[Records excerpted from a collection]
- - - - -
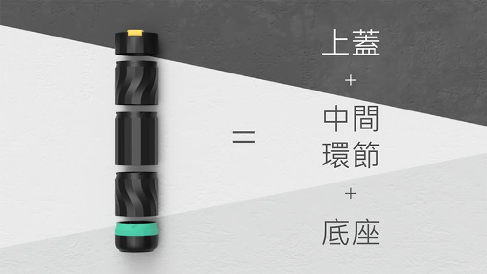 Wattle將水壺變成個人化用品,打破所有限制,將水壺分解成上蓋、瓶身環節及底座(如上圖)。透過統一的專利卡榫, 連接各個不同顏色與紋路的環節,創造出獨一無二的個人化水壺。此外,卡榫有別於傳統螺紋,不僅能降低藏汙納垢的可能,更能一秒緊鎖,並提供旋轉反饋,讓環保更時尚、簡單。
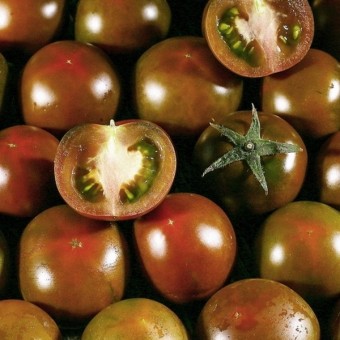 검붉은 빛을 띄며 초록빛이 도는 토마토로 '쿠마토'라는 상품명으로 판매되고 있습니다. 완숙토마토의 부드러움과 달리 육질이 단단하고 맛은 일반 토마토보다 새콤달콤합니다. 일반 토마토보다 리코펜의 함량이 높아 항산화작용과 항암 효과를 볼 수 있다고 합니다.
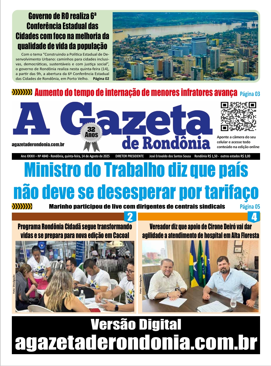 A Gazeta de Rondônia Edição 4840 – quinta-feira – 14.08.2025
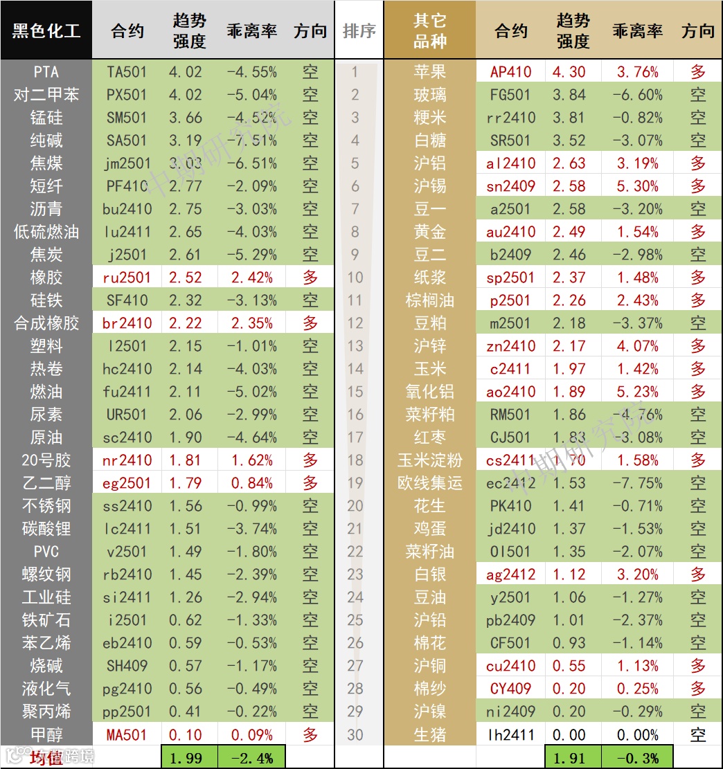 中期商品趋势榜 | 苹果多头偏强 PTA、对二甲苯、玻璃空头强势(0822)
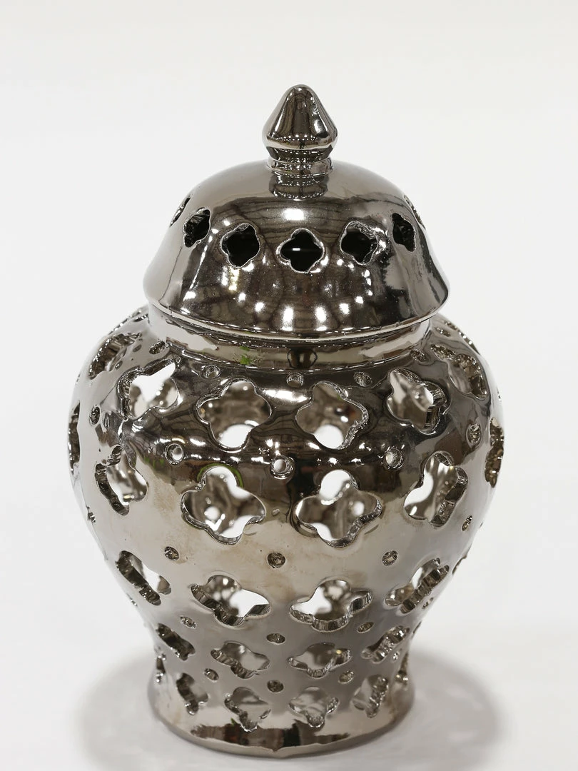 Description: Want the classy look of a ginger jar but don’t have the space? This extra mini silver ginger jar is perfect for you! Standing at only 9.5 inches tall, this is perfect for tabletop decor, or will make a great detail on a desk in your office space! Classic elegance at the smallest scale!
- - - - -
_Instructions for the task_
Every line above is to be returned exactly, with its pictures removed.

_Answer space_
 Wattle將水壺變成個人化用品,打破所有限制,將水壺分解成上蓋、瓶身環節及底座(如上圖)。透過統一的專利卡榫, 連接各個不同顏色與紋路的環節,創造出獨一無二的個人化水壺。此外,卡榫有別於傳統螺紋,不僅能降低藏汙納垢的可能,更能一秒緊鎖,並提供旋轉反饋,讓環保更時尚、簡單。
 검붉은 빛을 띄며 초록빛이 도는 토마토로 '쿠마토'라는 상품명으로 판매되고 있습니다. 완숙토마토의 부드러움과 달리 육질이 단단하고 맛은 일반 토마토보다 새콤달콤합니다. 일반 토마토보다 리코펜의 함량이 높아 항산화작용과 항암 효과를 볼 수 있다고 합니다.
 A Gazeta de Rondônia Edição 4840 – quinta-feira – 14.08.2025
 中期商品趋势榜 | 苹果多头偏强 PTA、对二甲苯、玻璃空头强势(0822)
 Description: Want the classy look of a ginger jar but don’t have the space? This extra mini silver ginger jar is perfect for you! Standing at only 9.5 inches tall, this is perfect for tabletop decor, or will make a great detail on a desk in your office space! Classic elegance at the smallest scale!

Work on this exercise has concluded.